On Saturday I was grumpy with Bill. Our weekend was not turning out as planned and as usual in feelings of stress and tension it feels good to hit the dirt to work them out. Out in the farthest reaches of the back 40 there was an area in front of two white pines we used to use as a brush pile. The brush has long been cleared but the ground was still a mess with two hilly areas where grass was growing again and unlevel spaces where weeds were taking over. It has been on my project list since spring. Early in May I had transplanted some forsythia shoots at the edge and now I attacked the grass, weeds and leftover twigs and branches and then in a fit of fury leveled the ground and covered it with pine needles and grass cliipings mixed as a mulch. Now instead of an eyesore I had to pass every time I went out back, it was a nice little grove of sorts that once the forsythia grows in will be lovely.

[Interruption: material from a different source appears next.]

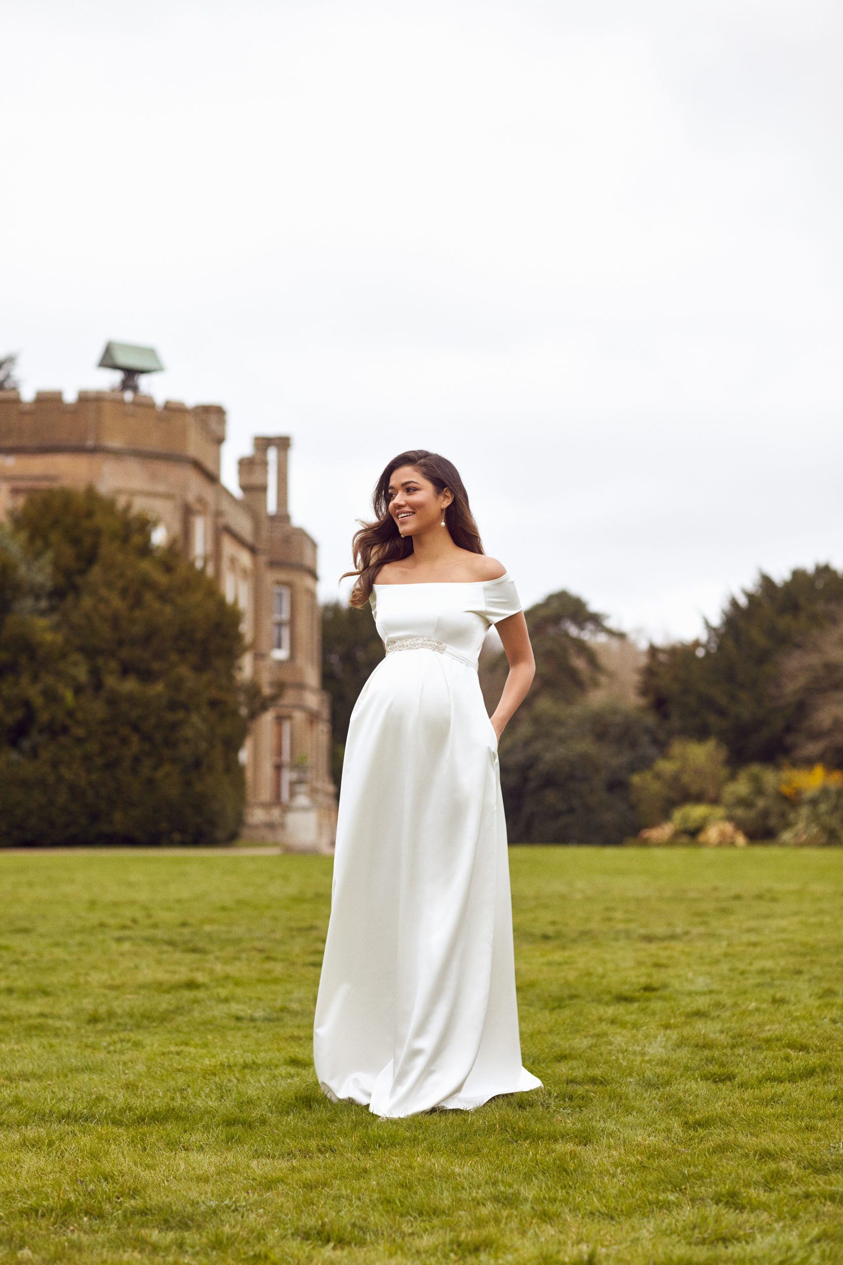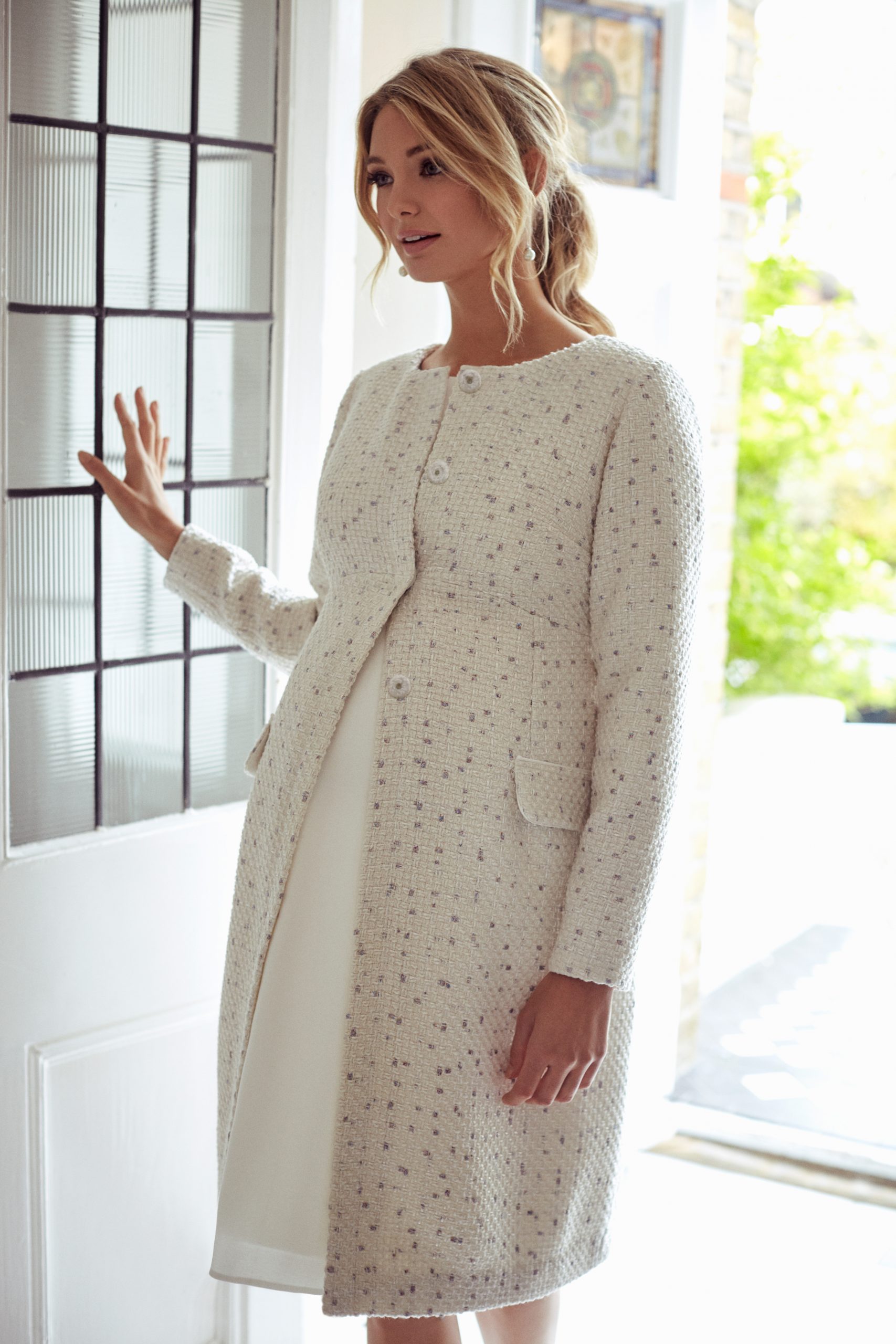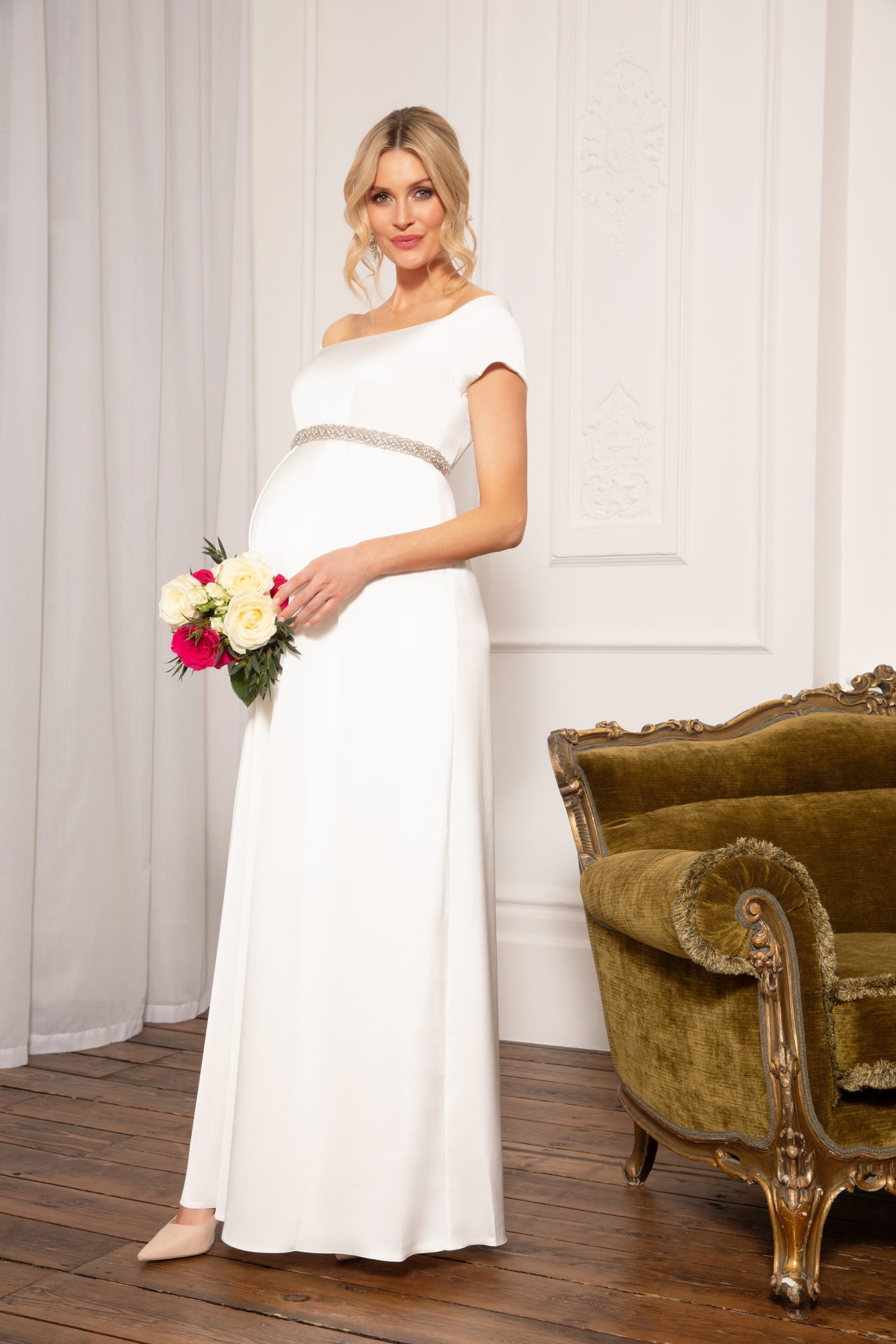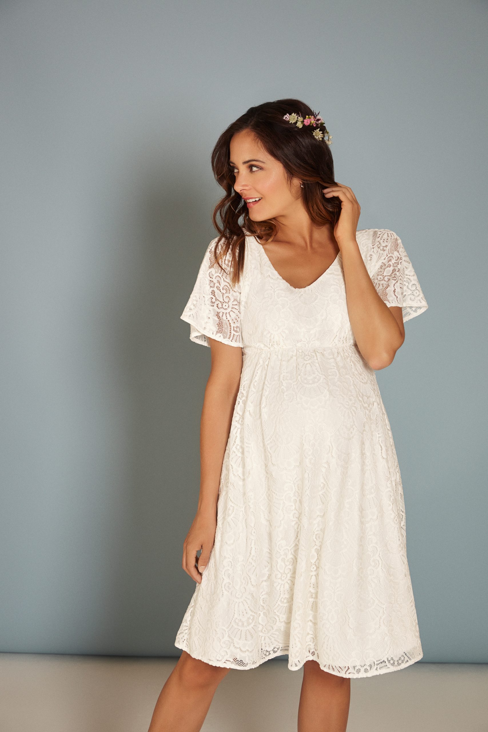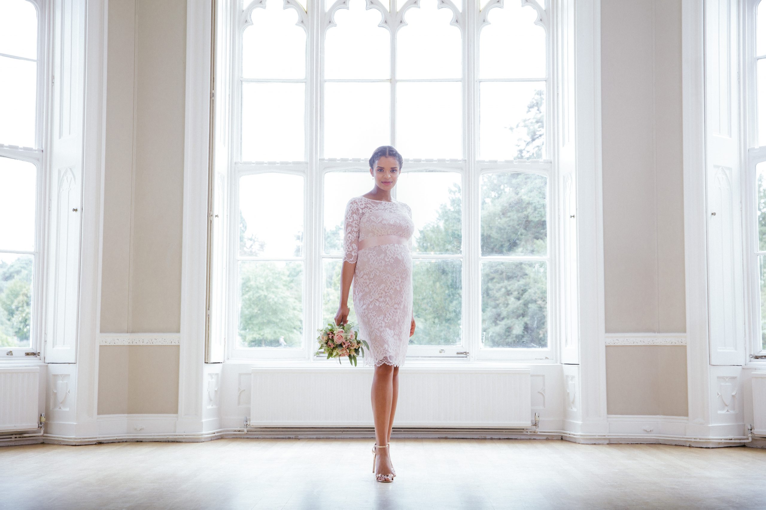 Moderne Bräute, die eine intime Zeremonie planen, finden in den Modellen SIENNA (hier u.a. mit dem Bouclé-Brautmantel Veritiy) ISLA, oder mit der Hosenanzugs-Kombination Remi & Mya (hier mit dem perfekten Begleiter für das Standesamt, die Handtasche DERBY) Styles die schlicht und trotzdem elegant und modern sind. Wenn es gleichwohl „mehr Braut“ und dennoch ein kurzes Kleid sein soll, ist mit Seidenkleid ALASKA und den Modellen Spitzenkleid AMELIA in Cameo Rose (auch in Elfenbein erhältlich) und Boho-Style Edith der Star bei jeder standesamtlichen Trauung mit dem Babybauch.
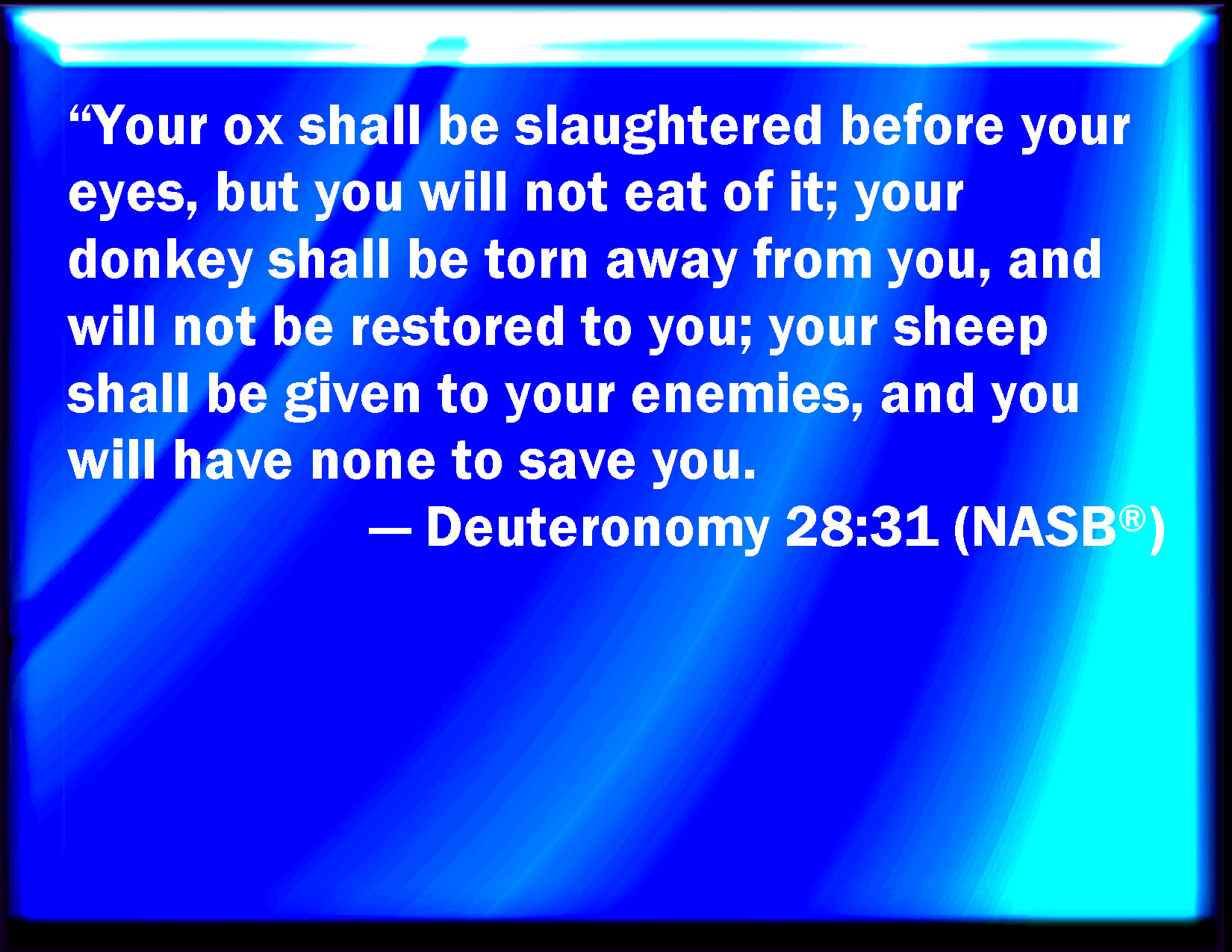 Bible Verse Slide Deuteronomy 28:31 Your ox shall be slain before your eyes, and you shall not eat thereof: your ass shall be violently taken away from before your face, and shall not be restored to you: your sheep shall be given to your enemies, and you shall have none to rescue them. KJV: Thine ox shall be slain before thine eyes, and thou shalt not eat thereof: thine ass shall be violently taken away from before thy face, and shall not be restored to thee: thy sheep shall be given unto thine enemies, and thou shalt have none to rescue them. DRB: May thy ox be slain before thee, and thou not eat thereof. May thy ass be taken away in thy sight, and not restored to thee. May thy sheep be given to thy enemies, and may there be none to help thee. DBT: Thine ox shall be slaughtered before thine eyes, and thou shalt not eat thereof; thine ass shall be snatched away from before thy face, and shall not return to thee; thy sheep shall be given unto thine enemies, and thou shalt have none to recover them. ERV: Thine ox shall be slain before thine eyes, and thou shalt not eat thereof: thine ass shall be violently taken away from before thy face, and shall not be restored to thee: thy sheep shall be given unto thine enemies, and thou shalt have none to save thee. WBT: Thy ox shall be slain before thy eyes, and thou shalt not eat of it: thy ass shall be violently taken away from before thy face, and shall not be restored to thee: thy sheep shall be given to thy enemies, and thou shalt have none to rescue them. WEB: Your ox shall be slain before your eyes, and you shall not eat of it: your donkey shall be violently taken away from before your face, and shall not be restored to you: your sheep shall be given to your enemies, and you shall have none to save you. YLT: thine ox is slaughtered before thine eyes, and thou dost not eat of it; thine ass is taken violently away from before thee, and it is not given back to thee; thy sheep are given to thine enemies, and there is no saviour for thee.Links Deuteronomy 28:31 NIV • Deuteronomy 28:31 NLT • Deuteronomy 28:31 ESV • Deuteronomy 28:31 NASB • Deuteronomy 28:31 KJV • Deuteronomy 28:31 Interlinear • Deuteronomy 28:31 Commentaries • Deuteronomy 28:31 Parallel Texts • Deuteronomy 28:31 Bible Apps • Deuteronomy 28:31 Parallel • Bible Hub |

Then came Sunday and Baby Dear , our 11 year old corgi,was acting out of sorts, very quiet and subdued. At 8 o’clock Erin realized she hadn’t come in from outside yet so she went to get her and she would not climb the porch stairs. Erin carried her in and the girls laid with her on the floor while we had a family movie night. Then Erin carried her to where she likes to sleep and Faith and I gave her a pill that is like doggie advil. Baby Dear has had problems with her back before and has lately been having some other issues as well so I went to bed envisioning a day of vet visits and horrible conversations involving what we could and could not do for her. I awoke Monday to Bill standing over me telling me she had died during the night. That would so suit her personality, always thinking of us, and leaving in the most quiet and unobtrusive fashion. She brought such joy to this household, and they say you no matter how many pets you have there is always one who is your “soul-mate” pet, and she was mine. The hole in my heart is gaping and painful.

We gathered the kids together and got her  wrapped up and they brought out her bowls (she LOVED her food!) and her favorite toys, and we gave her a resting place under the two pines in the little grove I had cleared on Saturday.

That is some kind of gardening providence, how much easier that horrible situation was made by having the perfect place for her, near us in the garden, yet somewhere that will remain undisturbed and be shaded and restful.

We could never have given back to her what she gave to us, the love , the happiness, the comfort. She was a princess of dogs, and truly my Baby Dear. I will miss her in a way words can not describe.